Il va à la racine du mal : l'Église ne produit pas privilèges et abus comme n'importe quelle institution de pouvoir le fait ; elle est fondée sur l'affirmation d'une différence essentielle entre une caste sacerdotale, sacrée, et le peuple des fidèles. Alors que Jésus dénonce le monopole des prêtres et de la hiérarchie lévitique du Temple dans l'accès au salut, l'Église chrétienne naissante se dote d'une organisation similaire. Alors même que le judaïsme naissant se convertit à une spiritualité sans prêtres ni sacrifices, l'Église donne au repas du Seigneur, l'eucharistie, une tournure sacrificielle. Or, c'est précisément autour du monopole sacerdotal, et masculin, de cette célébration que le cléricalisme a fait système et s'est installé dans l'histoire. Tenu à l'écart des réformes, il a généré les abus de pouvoir qui gangrènent l'Église aujourd'hui.

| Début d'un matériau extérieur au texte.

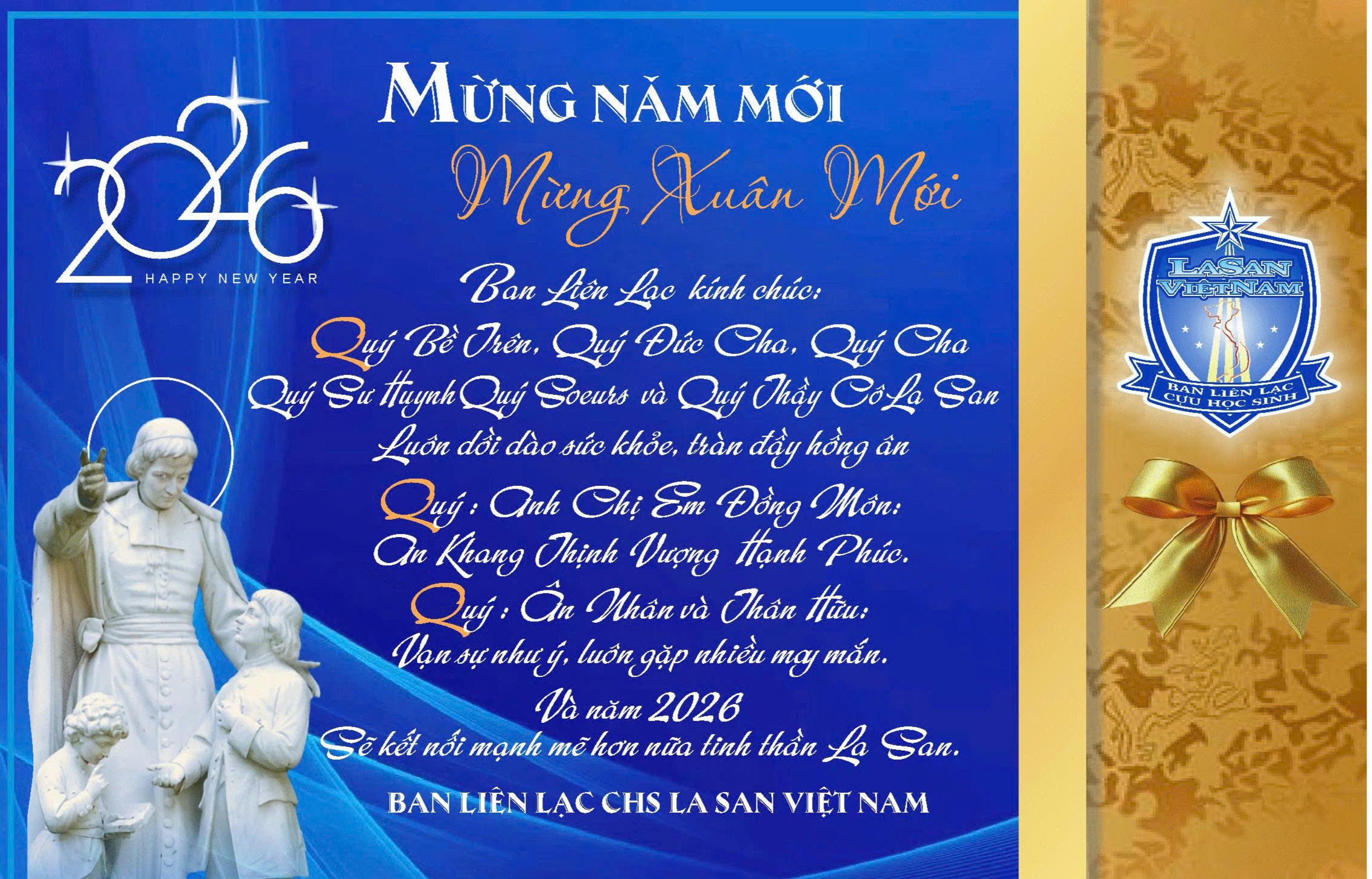 Trong niềm vui trọng thể mừng Chúa Xuân và đón chào Năm Mới 2026, Ban Liên Lạc Cựu Học Sinh La San Việt Nam xin được hiệp thông cùng Quư vị để dâng lời tạ ơn Thiên Chúa v́ muôn vàn Hồng ân Người đă tuôn đổ xuống trên Đại Gia Đ́nh La San chúng ta trong suốt năm qua.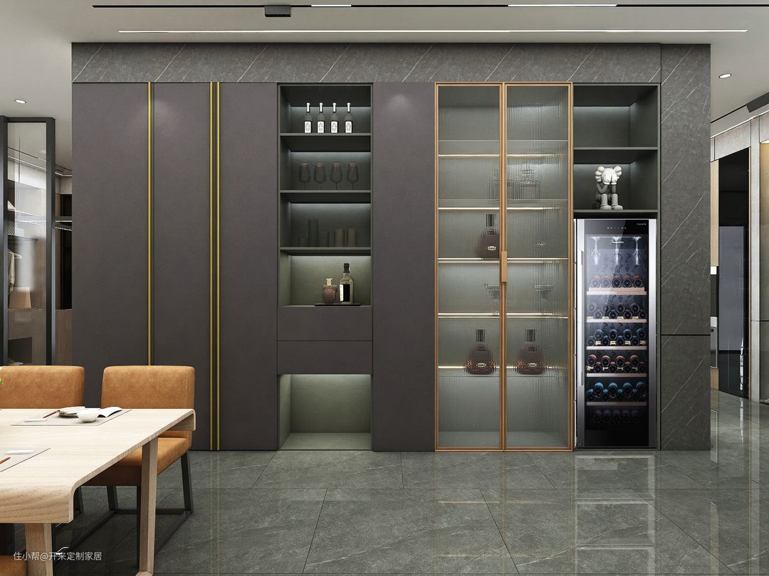图一是餐边柜,在星空灰中,金色窄边长虹玻璃门更加夺人眼球,长虹玻璃的波浪条纹映衬玻璃隔板灯;

Nul doute que cet ouvrage heurtera, ou pire, ces bons catholiques, qui passeront leur chemin. Il a pourtant le grand mérite de proposer une « opération de pensée » en un temps où, selon de bons observateurs de l’Église, ce sont surtout l’émotion et la fidélité aux dogmes qui servent de viatiques. Un livre passionnant et nécessaire.